Now that we are shifting gears yet again during another phase of the contagion, I want to go deeper into the quiet. So rather than construct more intricate and complex Sunday ruminations as I have for the past two years, it seems as if the time has come for a more spontaneous style of contemplation. Still rooted in the gospel of Christ's radical hospitality and grace, mind you, but let intense. At least that's what seems authentic to me right now. There are a host of great political preachers out here: the Rev. Dr. William Barber being one of the best. Some of the online messages from the Riverside Church, the Middle Collegiate Church in NYC with the Rev. Dr. Jacqui Lewis, or the worship and teaching ministries of Trinity Church Wall Street are intense, engaging, joyful and justice oriented, too.

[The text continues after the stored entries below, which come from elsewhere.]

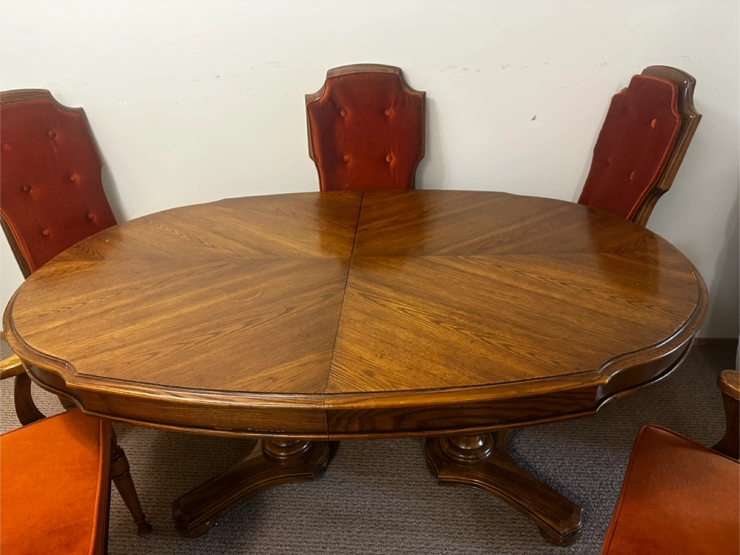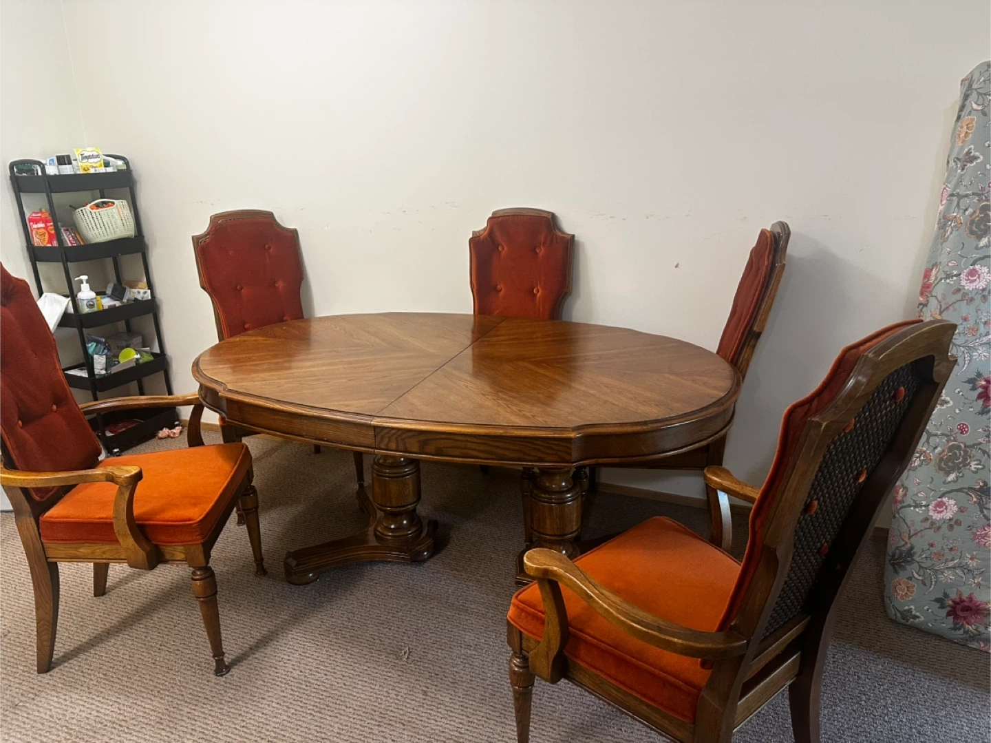 This is a beautiful dining table that comes with six matching chairs. The table has a unique wood grain pattern and a sturdy base. The chairs are upholstered in a lovely red fabric. A good addition to any dining room! The table can be extended to 10 ft for bigger parties and it is easy for transporting. Pick up only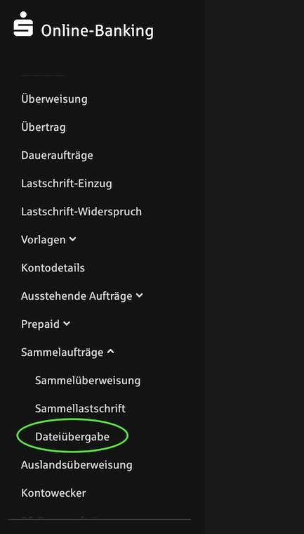 Die mobile App der Sparkasse bietet aktuell keinen Dateiupload. Stattdessen muss man auf der Webseite des Online-Banking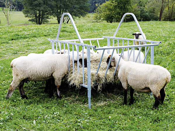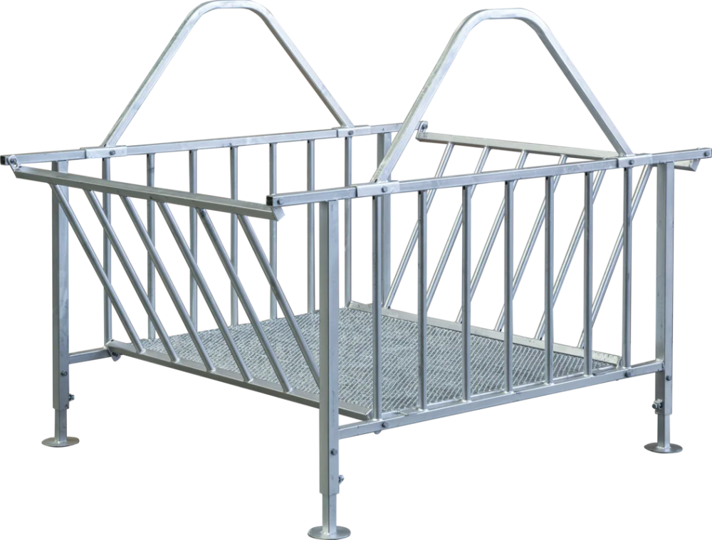 Das Standardmodell zur einfachen Futtervorlage verringert die Futterverluste auf der Weide und ermöglicht eine einfache Beschickung der Raufe mit dem Frontlader. Dank der großzügigen Maße ist die Raufe für Heuballen von bis zu 1,80 m Ø geeignet. Der besondere Vorteil dieser Raufe: das Futter liegt nicht auf dem Boden, durch den Gitterrost fallen kleinere Staubpartikel durch und verhindern die Ansammlung von Futterresten.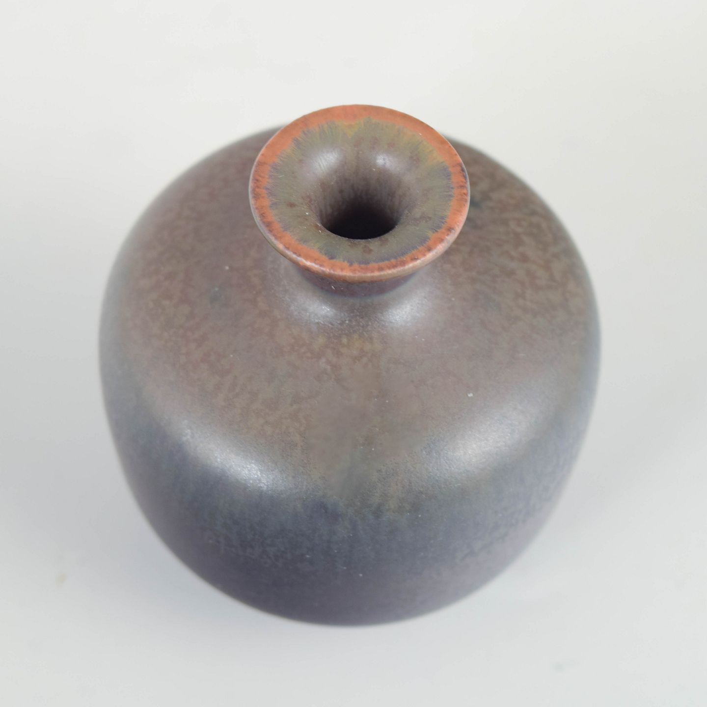 Gunnar Nylund for Rörstrand, miniaturevase.Kompakt miniaturevase i drejet stentøj med afrundet korpus og smal hals, udført med finspættet mat glasur i mørke gråbrune nuancer. Model 559, 1. sortering.

My work is something smaller. Quieter - never at odds with my colleagues who are engaged in more public encounters - just distinct. So, if you're looking for a bold public witness: check these wonderful and faithful places of worship out. 

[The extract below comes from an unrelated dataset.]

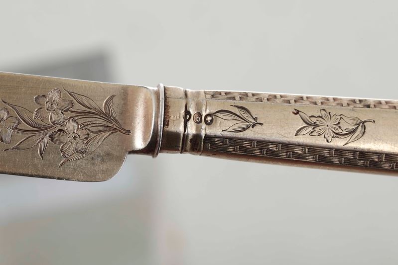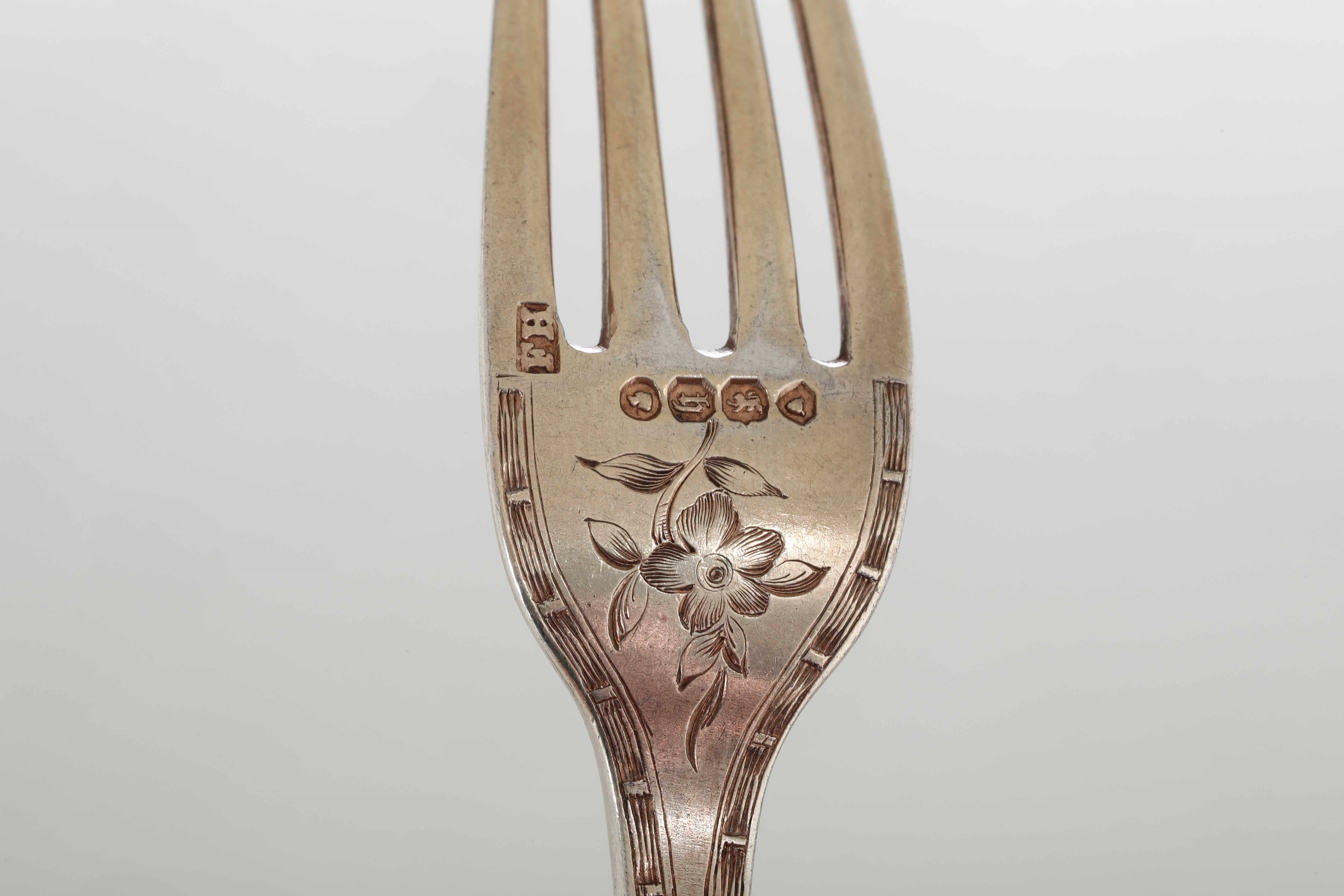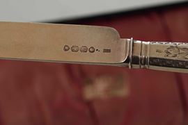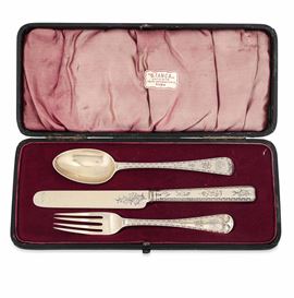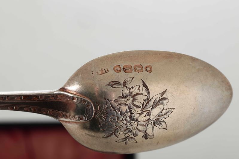 Set di tre posate. Argento fuso, cesellato e dorato. Londra 1863. Argentiere Francis Higgins II

If, however, you want to journey inward, too, you might find solace and substance with me at "Small is Holy" each Sunday @ 4 pm here: https://www.facebook.com/Be-Still-and-Know-913217865701531

Monday, February 7, 2022

the sacrament of letting go...

Today is a perfect midwinter day in New England: the dog is sleeping after a full weekend with the grandchildren; a light, dry snow is falling continuously; I am preparing homemade chicken rice soup from the remains of Saturday's feast; and Di's laptop has returned fully restored. There's a mountain of laundry to do, spiritual reflections to draft, too as well as dusting, vacuuming, and Zoom meetings to attend... Just not right now - today is all about simmering, resting, and reflecting. Yesterday, on "Small is Holy" (https:// www.facebook. com/Be-Still-and-Know-913217865701531) I shared this poem by Macrina Wiederkehr:

Slowly
She celebrated the sacrament of
Letting go...
First she surrendered her Green
Then the Orange, Yellow, and Red...
Finally she let go of her Brown...
Shedding her last leaf
She stood empty and silent, stripped bare
Leaning against the sky she began her vigil of trust...
Shedding her last leaf
She watched its journey to the ground
She stood in silence,
Wearing the color of emptiness
Her branches wondering:
How do you give shade, with so much gone?
And then the sacrament of waiting began
The sunrise and sunset watched with
Tenderness, clothing her with silhouettes
They kept her hope alive.
They helped her understand that
her vulnerability
her dependence and need
her emptiness
her readiness to rece4ive
were giving her a new kind of beauty.
Every morning and every evening she stood in silence and celebrated
the sacrament of waiting.

I cherish a day such as this and seek to live into it fully. For even in this new phase of my journey, deep silence must not be taken for granted. A photo my daughter took on our walk through the woods yesterday captures some of what's at stake.
Perspective. A sense of place. Honoring what is mine to honor and respectfully celebrating the sacrament of letting go.

more rest and reflection than research and writing this week...

This was a practice what you've preached week: more rest and reflection than writing and research. So, it was a gentle contemplative retreat for "Small is Holy" this week. Be well, friends, take care and stay safe.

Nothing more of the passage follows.